Work item: Set down a faithful copy of every record, and skip the pictures in it.

Exercise data:
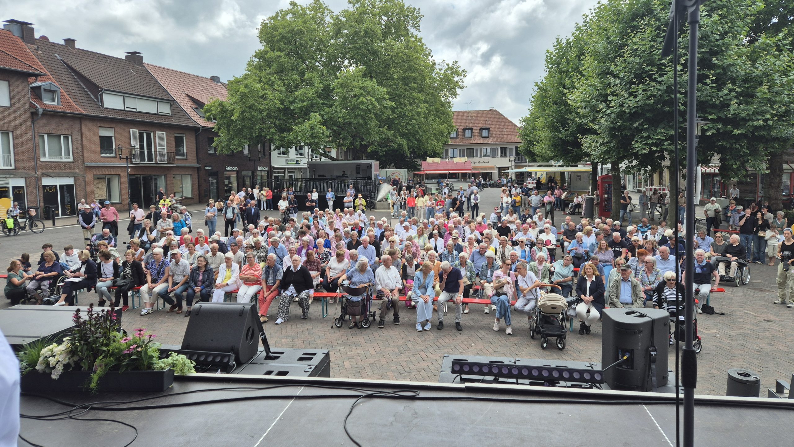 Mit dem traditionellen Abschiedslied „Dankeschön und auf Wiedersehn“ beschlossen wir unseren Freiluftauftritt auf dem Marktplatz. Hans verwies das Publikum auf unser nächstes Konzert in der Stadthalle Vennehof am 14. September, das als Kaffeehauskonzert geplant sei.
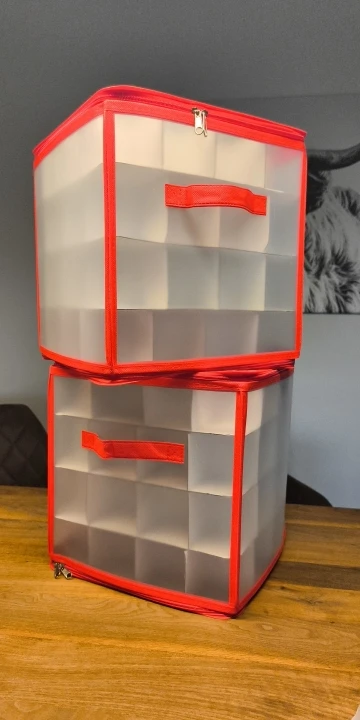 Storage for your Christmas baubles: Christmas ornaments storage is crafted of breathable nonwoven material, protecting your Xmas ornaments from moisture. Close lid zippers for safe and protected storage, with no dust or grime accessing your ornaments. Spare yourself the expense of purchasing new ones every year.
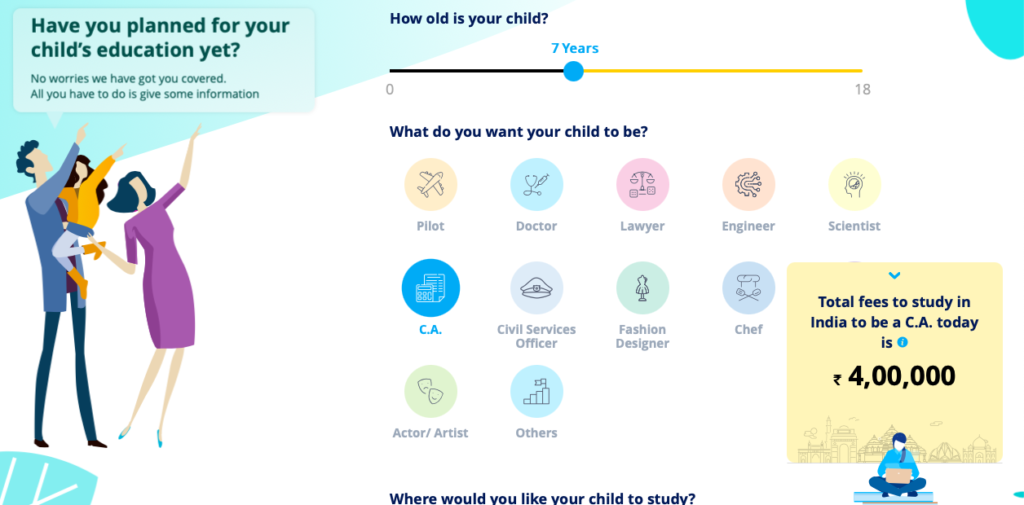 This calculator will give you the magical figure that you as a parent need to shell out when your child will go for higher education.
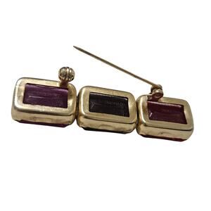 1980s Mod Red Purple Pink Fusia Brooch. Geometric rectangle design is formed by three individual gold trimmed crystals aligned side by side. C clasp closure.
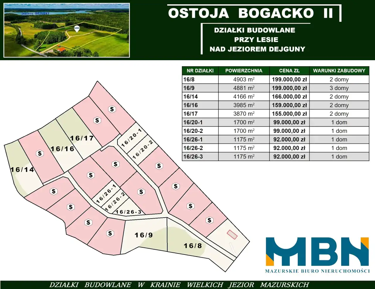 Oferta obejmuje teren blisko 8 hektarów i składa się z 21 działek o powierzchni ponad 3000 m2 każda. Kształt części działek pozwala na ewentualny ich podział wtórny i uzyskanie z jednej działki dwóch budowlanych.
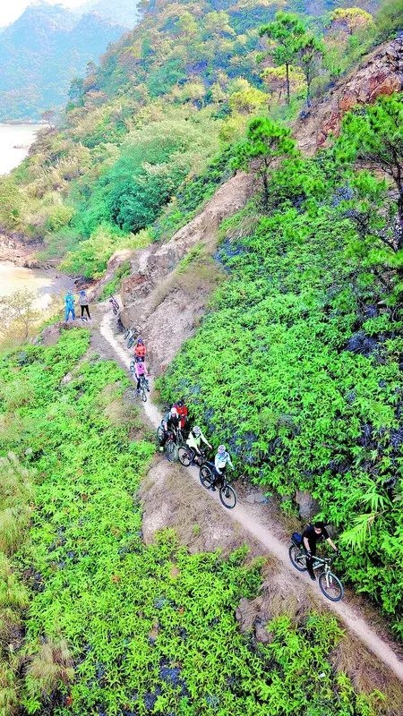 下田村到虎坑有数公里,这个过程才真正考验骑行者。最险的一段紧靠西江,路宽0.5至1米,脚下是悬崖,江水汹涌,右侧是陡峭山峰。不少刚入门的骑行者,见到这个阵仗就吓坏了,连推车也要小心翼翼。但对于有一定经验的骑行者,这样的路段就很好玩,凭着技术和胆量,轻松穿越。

Exercise response:
 Mit dem traditionellen Abschiedslied „Dankeschön und auf Wiedersehn“ beschlossen wir unseren Freiluftauftritt auf dem Marktplatz. Hans verwies das Publikum auf unser nächstes Konzert in der Stadthalle Vennehof am 14. September, das als Kaffeehauskonzert geplant sei.
 Storage for your Christmas baubles: Christmas ornaments storage is crafted of breathable nonwoven material, protecting your Xmas ornaments from moisture. Close lid zippers for safe and protected storage, with no dust or grime accessing your ornaments. Spare yourself the expense of purchasing new ones every year.
 This calculator will give you the magical figure that you as a parent need to shell out when your child will go for higher education.
 1980s Mod Red Purple Pink Fusia Brooch. Geometric rectangle design is formed by three individual gold trimmed crystals aligned side by side. C clasp closure.
 Oferta obejmuje teren blisko 8 hektarów i składa się z 21 działek o powierzchni ponad 3000 m2 każda. Kształt części działek pozwala na ewentualny ich podział wtórny i uzyskanie z jednej działki dwóch budowlanych.
 下田村到虎坑有数公里,这个过程才真正考验骑行者。最险的一段紧靠西江,路宽0.5至1米,脚下是悬崖,江水汹涌,右侧是陡峭山峰。不少刚入门的骑行者,见到这个阵仗就吓坏了,连推车也要小心翼翼。但对于有一定经验的骑行者,这样的路段就很好玩,凭着技术和胆量,轻松穿越。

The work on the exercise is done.